David Acker wrote:
Milton Miller wrote:
In commit d52df4a35af569071fda3f4eb08e47cc7023f094, the description
talks about emulating another driver by setting addtional bits and
the being unable to test when submitted.  Seeing the & operator to
set more bits made me suspicious, and indeed the bits are defined
in positive logic:

    cb_s      = 0x4000,
    cb_el     = 0x8000,

So anding those together would be 0.   I'm guessing they should
be or'd, but don't have hardware here to test, much like the
committed patch.  In fact, I'll let someone else do the compile
test too.  I'll update the comment.


I wonder if this worked for me because the hardware also spun on the link field being NULL? Since the RU base is also set to 0, the calculated physical address would be 0 as well. I would imagine if the hardware tried to read/write to very low addresses across PCI, there would be issues. I will retest with a small receive pool to try to hit the problem. I will also run these tests with the new patch and with a smaller receive pool (default is 256) to make the pool run out more often.

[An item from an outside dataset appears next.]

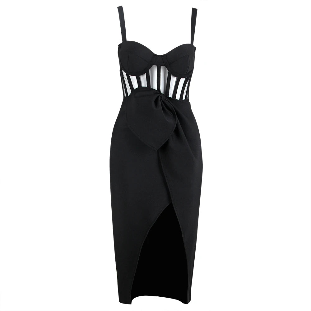 • What sets this dress apart is its unique hollow suspender design, adding a touch of edginess to the classic robe dress.

So far my testing has shown both the original and the new version of the S-bit patch work in that no corruption seemed to occur over long term runs. The previous S-bit patch may have only worked due to something specific about how my PCI companion chip handles I/O to low memory addresses (from dereferencing a link address of 0). Perhaps the e100 handles the NULL link as well, but given that the manual does not seem to state what happens when the hardware encounters a buffer with a link of 0, I think Milton's fix is the proper way to do it. The old eepro driver did set both bits although it did it with a hardcoded constant.

I will continue testing with slab debug on but that will take longer. Has anyone tried this on other platforms?